At Swedish for a checkup, Ward couldn’t catch her breath at all.

In the emergency room, doctors found out that her left lung was filled with fluid. They extracted the fluid with a 12-inch needle through her back. After that, she could breathe again.

Fluid in the lungs, known medically as pulmonary edema, is one of the more common reactions and one of the most serious complications of open-heart surgery.

With her lungs cleared, Ward could climb stairs and walk distances without gasping for breath. She finished rehab in a flash.

It took 12 weeks for her breastbone to heal. Her scar, 7 inches long and in the middle of her chest, is healing nicely.

“I bet 20 nurses have looked at it,” Ward said, “and they say it’s one of the best scars they’ve ever seen.”

Message from above

Ward has been a police and fire chaplain for nearly 20 years. She volunteers for the Mukilteo Police Department and the Lake Stevens and Everett fire departments. She also is a pastor, so she can officiate weddings, lead funerals and give the opening or closing prayer at church.

Like Ward, her doctor is a person of faith. Lehr, the hospital’s director of cardiac surgery research and education, calls her a miracle.

He estimates that doctors at Swedish Cherry Hill repair one torn aorta per week.

Lehr has been surgically repairing aortas for nine years, but he had never seen a case like Ward’s.

“She was a miracle for three reasons,” he said. “One, she suffered a cardiac arrest because of her dissection; two, because her aorta was completely ruptured and; three, she was on blood thinners (for high blood pressure), which could have easily caused her to bleed to death before she got to the hospital.

“She was very lucky.”

Ward added another reason to the list: a garage sale. She and her friends have been getting together at 9 a.m. every other Saturday for 10 years. Her boyfriend picks her up for breakfast. That fateful Saturday, she had her friends move the time up by a half-hour because it was the day of the Great Garage Sale in Mukilteo. She wanted to check out the sales afterward.

Minutes truly mattered.

“If I had been alone, and if nobody had been there to do CPR and call 911, I would have been dead,” she said. “Doctor said on that day everything that could go right, went right. Praise God.”

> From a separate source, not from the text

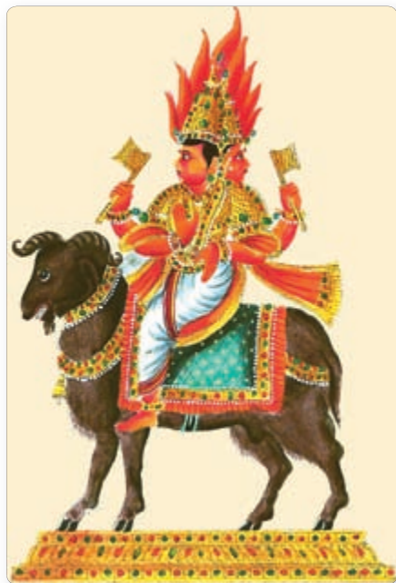
▲ Агни — ведийский бог огня

Сторонников буддизма и индуизма объединяла общая вера в то, что после смерти человек рождается снова. При рождении он получает то, что заслужил своим поведением в прошлой жизни.

Ward sees her survival as a message from above.

“I must not be finished here, otherwise I wouldn’t be here,” she said. “I’m just so grateful to be alive. It’s so nice of God to let me come back.”

Since her surgery, Ward has been on leave as a chaplain. She set a goal of getting back to work by Oct. 1.

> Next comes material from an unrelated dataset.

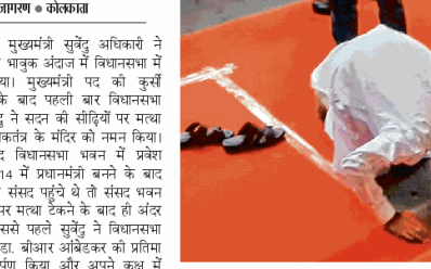
कोलकाता में कुवार को विधानसभा में प्रवेश करने से पूर्व सीढ़ीय पर मध्य टेकने बंगाल के मुख्यमंत्री सुवेंदु अशिकर।

संयम उपरकत रहेंगे। शकनीपुर में उन्होंने ममता को मुख्यमंत्री रहते 15 हजार से अधिक वोटों के अंतर से हराया। चुनाव जीतने के बाद सुवेंदु ने नंदीग्राम में लोगों को धनदात्र सभा में संकेत दे कर थे कि वह यह सूर्ये छोड़ने केबिनेट निरम के अनुसार वह किसी एक जगह से ही विधायक रह सकते हैं। उन्होंने भरसा दिलिया कि नंदीग्राम के लोगों को कभी यह महसूस नहीं होने दिया जायगी कि वह उनके साथ हैं।

As a chaplain, Ward provides support to police officers, firefighters, victims and their loved ones through the ministry of presence. The chaplains are trained to serve alongside first responders to comfort the community in times of tragedy. Most of the time, they are called to a death scene.

Ward plans to be a chaplain for another year or two before she retires from her volunteer post.

“I love being a first responder chaplain,” she said. “I like it so much, I would have devoted my whole career to it.”

Ward became a chaplain after working in the funeral business for years. She has also lost two sons, one at 2 years old and one at 47, so she finds purpose in comforting those who are grieving a death.

‘I owe so much’

Ward is rehabbing at Providence Regional Medical Center Everett. Her 12-week program is designed to help those who’ve had recent cardiac events through the recovery process.

She goes to the hospital three times a week to work on lowering her blood cholesterol, hypertension and blood sugar levels, and to lose weight.

The physical therapists have her exercise for an hour at a hospital gym; the nutritionists want her to cut meat, white flour and anything fried from her diet.

Which means: “No more biscuits and gravy.”

Ward recently visited Jimmy Jacks to thank the waitress who gave her CPR. She brought McCown a hanging basket of petunias, a token of gratitude for saving her life.

“I owe so much to Heidi,” she said.

Although one of Ward’s friends had stopped by a few weeks after the surgery to let McCown know that she was OK, the two had yet to talk. Seeing Ward alive and well was a relief for McCown, who had often wondered about her loyal customer.

The waitress is thankful she was required to take a CPR class.

“I would have felt horrible if I didn’t do it and she passed away from me not trying.”